Оказалось, что он и учитель стоят в оппозиции к остальным белым на острове.
– У нас в жилах течет индейская кровь. – Он показал на свои сверкающие черные глаза. – Мы хотим, чтобы островитяне покинули этот остров и познакомились с жизнью на материке.
«А патер Себастиан этого не хочет», – подумал я. Он боится, что они, получив неограниченный доступ к спиртному, живо сопьются. Боится, что их там будут нещадно эксплуатировать и они пропадут.
– Мы хотим поднять их жизненный уровень до современных требований, – продолжал деревенский врач. – Хотим, чтобы все босые обулись.
«А патер Себастиан считает это неразумным», – думал я.

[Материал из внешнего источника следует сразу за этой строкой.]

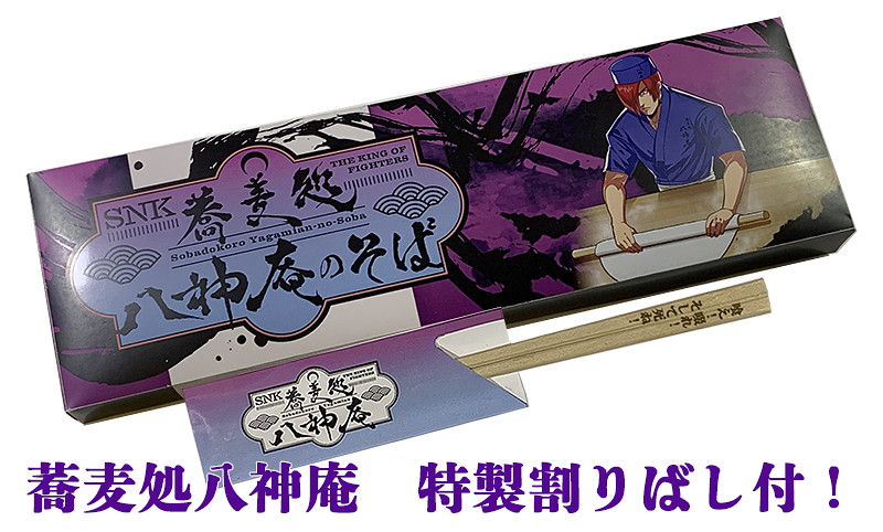 如今 SNK 官方與日本製麵公司信州油屋清右衛門合作,推出「蕎麥處 八神庵麵」(蕎麦処 八神庵のそば),參考售價為一盒日幣 864元,目前已開放預購,預計於 2020 年 1 月中旬發售。

Я сам однажды слышал, как он говорил, что местные жители, не знающие ботинок, лучше кого-либо перемещаются по здешнему каменистому грунту, которого никакая обувь не выдерживает. Кое-кто пробовал ходить в ботинках, так у них кожа на ступне быстро становилась нежной, и, разбив обувь, они потом резали себе ноги в кровь.
«Похоже, у каждого из этих вопросов есть две стороны», – заключил я. Причем мнение патера Себастиана основано на опыте целой жизни, а этот молодой врач прибыл на остров с последним кораблем.

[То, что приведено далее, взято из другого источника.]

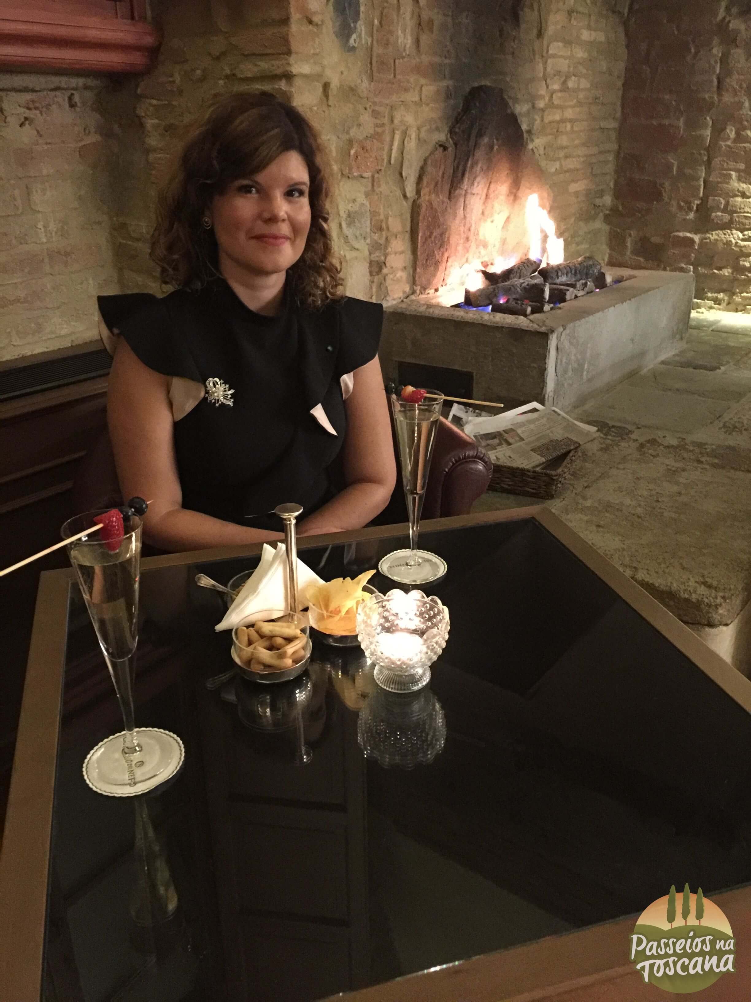 O The Bar é super charmoso, um ambiente interno do Castelo com uma lareira enorme. Eu aproveitei e fiz um aperitivo com espumante antes do jantar. No menu há vários drinks e vinhos.

– Будете уходить – дайте музыкантам тысячу песо, а еще лучше – пятнадцать долларов в твердой валюте, – сказал врач и добавил: – Они этого ждут.
– Но ведь вся компания угощается нашим шоколадом, и курит наши сигареты, и веселится вместе с нами, – возразил я.
– Разве вы в Европе не платите оркестру, когда приходите на танцы? Если вы ничего не дадите музыкантам только потому, что они местные, в другой раз вас никто не пригласит.
Я потихоньку собрал своих ребят, мы поблагодарили всех и отправились к себе в лагерь. Мы ничего не заплатили, но в приглашениях на хюлу в деревню Хангароа не было недостатка, пока мы находились на острове.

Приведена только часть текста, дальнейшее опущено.